Re: [PATCH v10 2/9] KVM: Introduce per-page memory attributes

From: Sean Christopherson
Date: Fri May 19 2023 - 15:58:28 EST


On Fri, May 19, 2023, Nicolas Saenz Julienne wrote:
> Hi Sean,
>
> On Fri May 19, 2023 at 6:23 PM UTC, Sean Christopherson wrote:
> > On Fri, May 19, 2023, Nicolas Saenz Julienne wrote:
> > > Hi,
> > >
> > > On Fri Dec 2, 2022 at 6:13 AM UTC, Chao Peng wrote:
> > >
> > > [...]
> > > > +The user sets the per-page memory attributes to a guest memory range indicated
> > > > +by address/size, and in return KVM adjusts address and size to reflect the
> > > > +actual pages of the memory range have been successfully set to the attributes.
> > > > +If the call returns 0, "address" is updated to the last successful address + 1
> > > > +and "size" is updated to the remaining address size that has not been set
> > > > +successfully. The user should check the return value as well as the size to
> > > > +decide if the operation succeeded for the whole range or not. The user may want
> > > > +to retry the operation with the returned address/size if the previous range was
> > > > +partially successful.
> > > > +
> > > > +Both address and size should be page aligned and the supported attributes can be
> > > > +retrieved with KVM_GET_SUPPORTED_MEMORY_ATTRIBUTES.
> > > > +
> > > > +The "flags" field may be used for future extensions and should be set to 0s.
> > >
> > > We have been looking into adding support for the Hyper-V VSM extensions
> > > which Windows uses to implement Credential Guard. This interface seems
> > > like a good fit for one of its underlying features. I just wanted to
> > > share a bit about it, and see if we can expand it to fit this use-case.
> > > Note that this was already briefly discussed between Sean and Alex some
> > > time ago[1].
> > >
> > > VSM introduces isolated guest execution contexts called Virtual Trust
> > > Levels (VTL) [2]. Each VTL has its own memory access protections,
> > > virtual processors states, interrupt controllers and overlay pages. VTLs
> > > are hierarchical and might enforce memory protections on less privileged
> > > VTLs. Memory protections are enforced on a per-GPA granularity.
> > >
> > > The list of possible protections is:
> > > - No access -- This needs a new memory attribute, I think.
> >
> > No, if KVM provides three bits for READ, WRITE, and EXECUTE, then userspace can
> > get all the possible combinations. E.g. this is RWX=000b
>
> That's not what the current implementation does, when attributes is
> equal 0 it clears the entries from the xarray:
>
> static int kvm_vm_ioctl_set_mem_attributes(struct kvm *kvm,
> struct kvm_memory_attributes *attrs)
> {
>
> entry = attrs->attributes ? xa_mk_value(attrs->attributes) : NULL;
> [...]
> for (i = start; i < end; i++)
> if (xa_err(xa_store(&kvm->mem_attr_array, i, entry,
> GFP_KERNEL_ACCOUNT)))
> break;
> }
>
> >From Documentation/core-api/xarray.rst:
>
> "There is no difference between an entry that has never
> been stored to, one that has been erased and one that has most recently
> had ``NULL`` stored to it."
>
> The way I understood the series, there needs to be a differentiation
> between no attributes (regular page fault) and no-access.

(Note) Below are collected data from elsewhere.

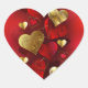 Vertical composition of red and gold, textured valentines made of foil and brocade on red background. Valentines day decorations.
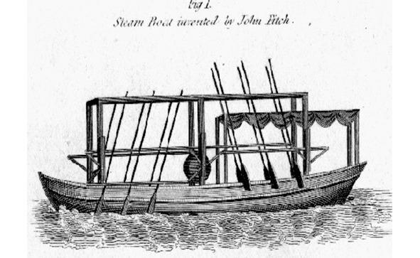 Первый пароход изобретенДжоном Фитчем в декабре 1786 г
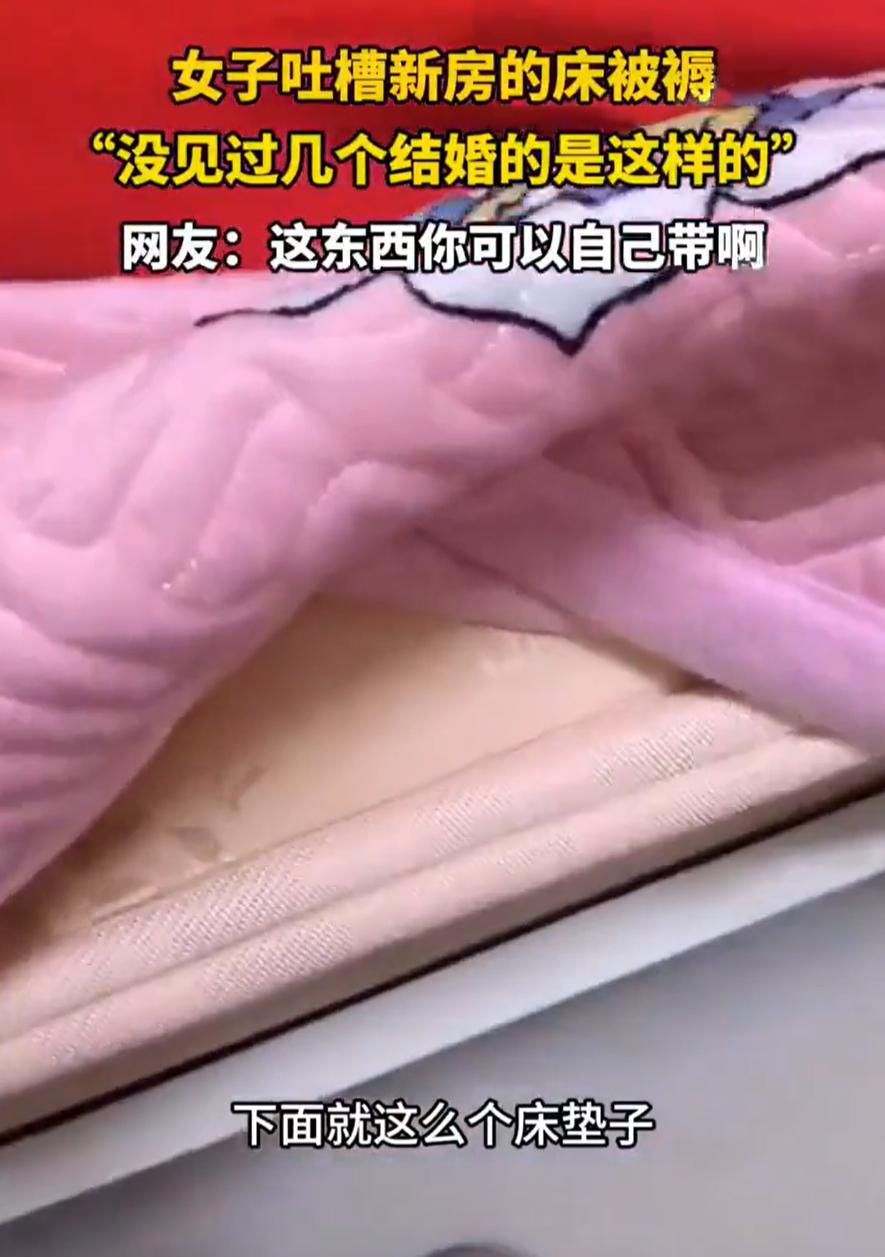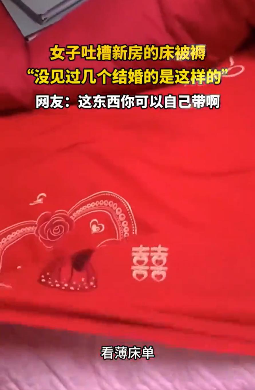 扎心了!一对新人结婚,结果晚上回到婚房,新娘就不高兴了,在网上吐槽婚床布置太奇葩,就只有一个薄薄的红色床单,但网友却表示:这东西你可以自己带啊! 按理说,结婚是大喜的日子,心情是相当高兴的,可新娘从回到新房就各种不满意,尤其吐槽自己的婚床布置太寒碜 视频中,一张大床上就铺了个薄薄的红色床单,下面直接就是床垫子。新娘边拍边念叨,你们瞅瞅,这就是我们结婚的床,就这么一层单子,下面啥也没有,谁家结婚弄成这样? 原本想着网友能跟着一起吐槽,没想到评论区翻了车 不少人直接说,这事儿真怪不着男方。床上那点事儿,本来就是女方家该操心的。被褥四件套这些,按老理儿都是娘家陪嫁带过来的。人家男方把床架子床垫子备齐了,剩下的就得你自己来 也有明白人说,这铺法没啥毛病啊。现在不都流行直接铺床垫上吗?又不是光板床,垫子软和着呢。再说现在谁家还像以前那样铺好几床厚褥子 说白了,结婚是两家人的事,但日子是两个人过。为这么个床单闹别扭,属实犯不上。往后柴米油盐的事儿多着呢,这点小事就想不开,以后咋整? 其实啊,婚床铺啥样不重要,重要的是睡在上面的两个人,能不能把日子过得热乎。床单薄了可以加,褥子软了可以换,这刚结婚就各种不满,恐怕以后得日子也是不太好过

Ah, I see what you're saying. There are multiple ways to solve things without a
"no access" flag while still maintaining an empty xarray for the default case.
E.g. invert the flags to be DENY flags[*], have an internal-only "entry valid" flag,
etc.

[*] I vaguely recall suggesting a "deny" approach somewhere, but I may just be
making things up to make it look like I thought deeply about this ;-)